When should I use "Its" and when should I use "It's"?

KGSupport says: "Its" is the possessive form of the pronoun it and is never written with an apostrophe. Some examples would be "Its strings are special..." in reference to a guitar, or "What is its value?"

It's is a contractions of "it is" or "it has". Examples are "It's time to go." "It's been great."

Which is the preferred usage, “payer” or “payor”?

KGSupport says: It is always handy to have a dictionary available close by. There are also a good number of free online dictionaries. “Payer” and “Payor” are equal variants in Merriam-Webster’s 11th Collegiate.

What is the difference between "due to" and "because of"?

KGSupport says: "Due to" modifies nouns. It is generally used after some form of the verb "to be" (e.g. is, are, was, were, etc.). An example is "John's success is due to his talent and creativity." ("due to" modifies "success")

On the other hand, "because of" modifies verbs. An example is "Jeff resigned because of poor health." ("because of" modifies "resigned")

If a compound subject joined by “or” or “nor” is comprised of a singular and a plural subject, what is the tense of the verb that I should use?

A: The verb agrees in number with the nearer member of the compound subject.

Ex. Either the teacher or her students were assigned to decorate the room.
Either the students or the teacher was assigned to decorate the room.

What is the difference between “alright” and “all right”? Which is more correct to use?

A: “Alright” is a nonstandard spelling and is considered informal. Always use the two-word form, i.e., “all right” especially in formal writing and usage.

Ex. Informal: It is just alright with me.
Formal: It is just all right with me.

Sometimes, two or more adjectives are used together to describe one noun. Should a comma be inserted between the adjectives?

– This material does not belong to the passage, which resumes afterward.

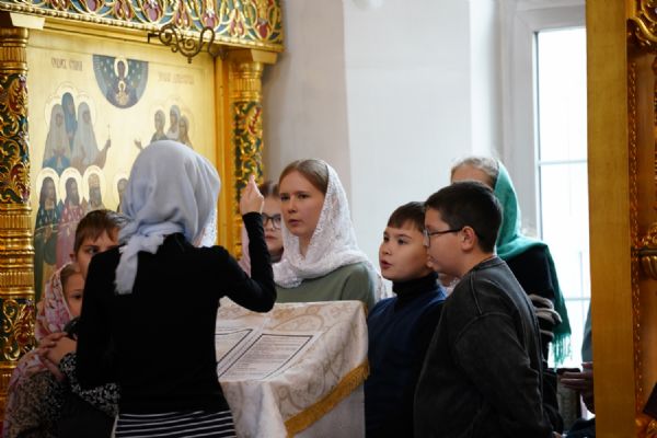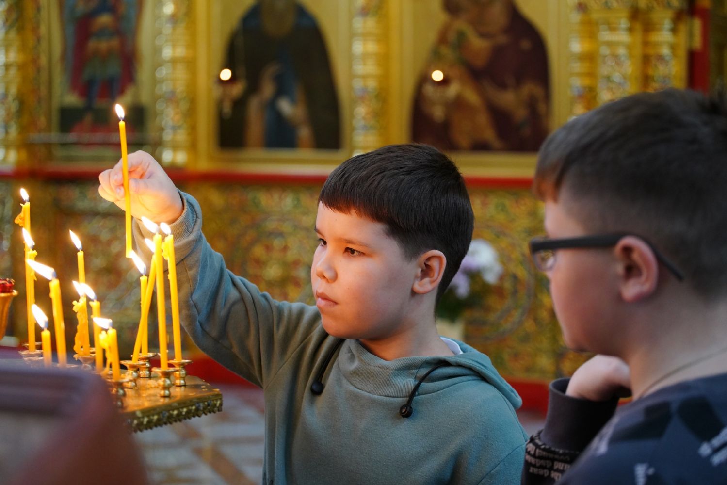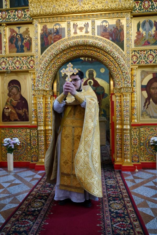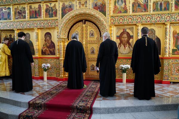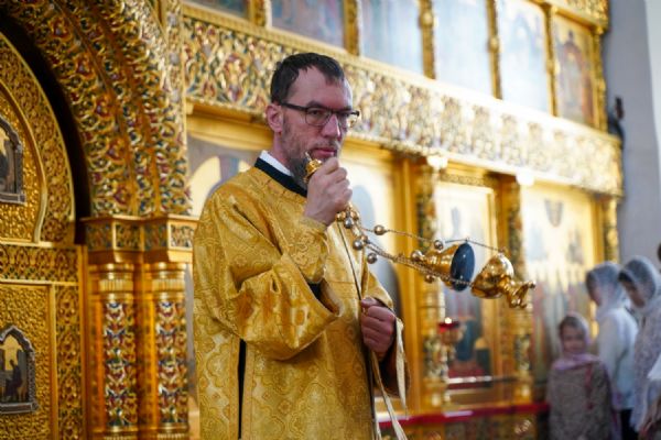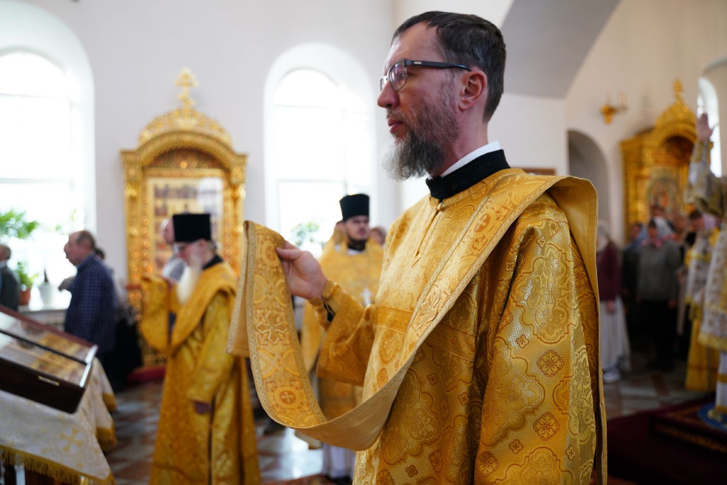 Его Высокопреосвященству сослужили настоятель храма протоиерей Александр Бачурин, клирики храма иерей Виктор Умрихин и диакон Алексий Ершов, а также протодиакон Михаил Козловский и клирик Минусинской епархии иерей Матфей Фокша. Песнопения исполняли хор храма под управлением регента Елены Умрихиной и детский хор воскресной школы под руководством Анны Михеевой.
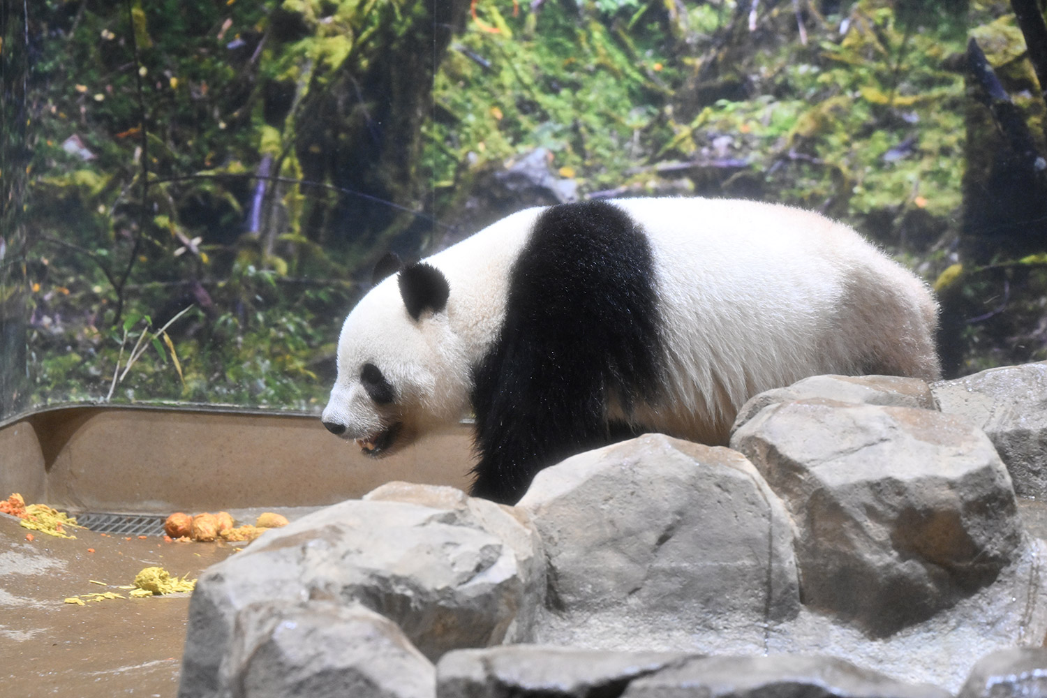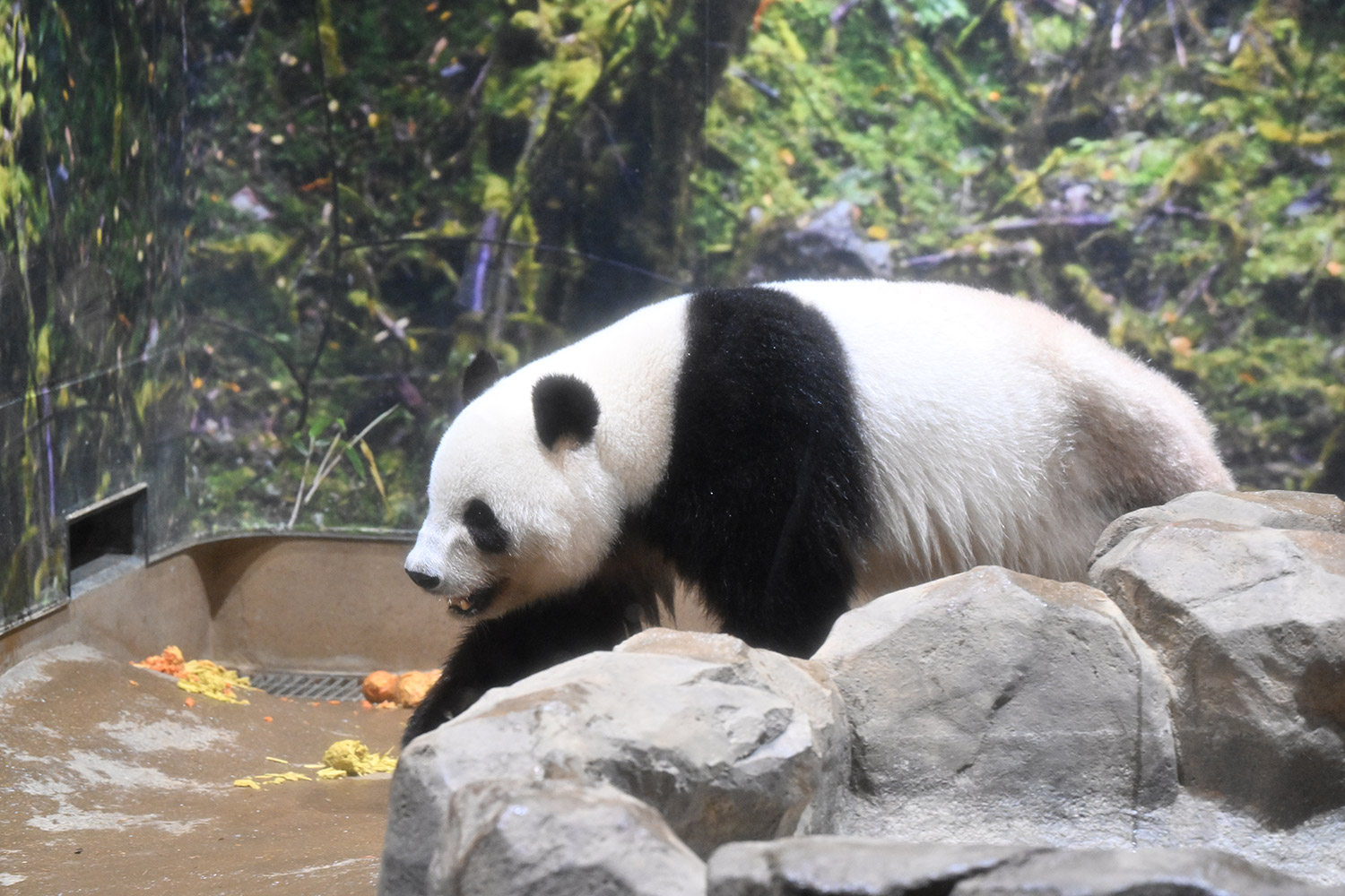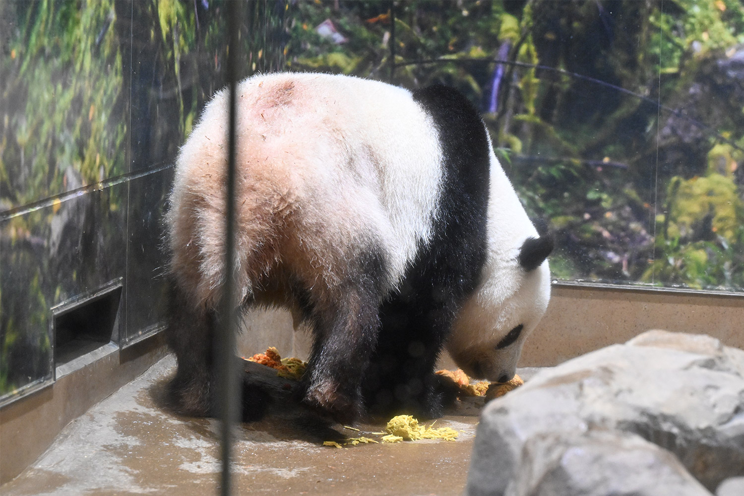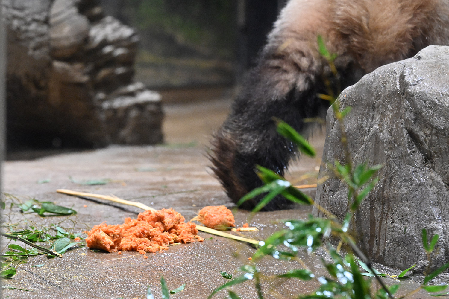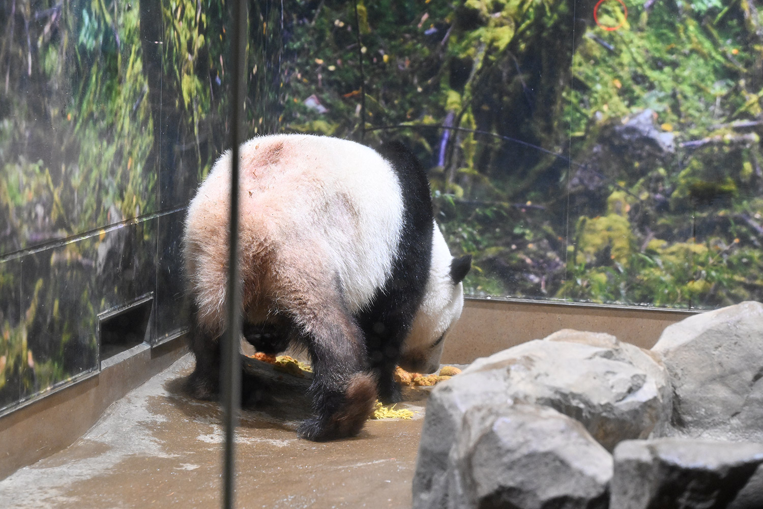 お水飲んでから左側に背を向けて竹を食べてました正面のお顔が見れなくて残念😞シャオもお外でお水飲んでから洞窟前で笹食べながらゲップ!すると林檎が出てきてそれをパックンと😂

A: It depends if the adjectives are coordinate or cumulative. Coordinate adjectives are equal in rank and are separated by commas. Cumulative adjectives do not require a comma between them. One test to distinguish between the two types is the insertion of “and” between the adjectives. If you cannot place “and” between them without changing the meaning of the sentence, they are cumulative adjectives and hence do not require a comma. If “and” can be inserted, they are coordinate adjectives and hence require a comma between them.

Ex. a lovely, young woman (can be “a lovely and young woman”)
     a cold, gloomy afternoon (can be “a cold and gloomy afternoon”)
     three black cats        (cannot be “three and black cats”)
     several successful plans (cannot be “several and successful plans”)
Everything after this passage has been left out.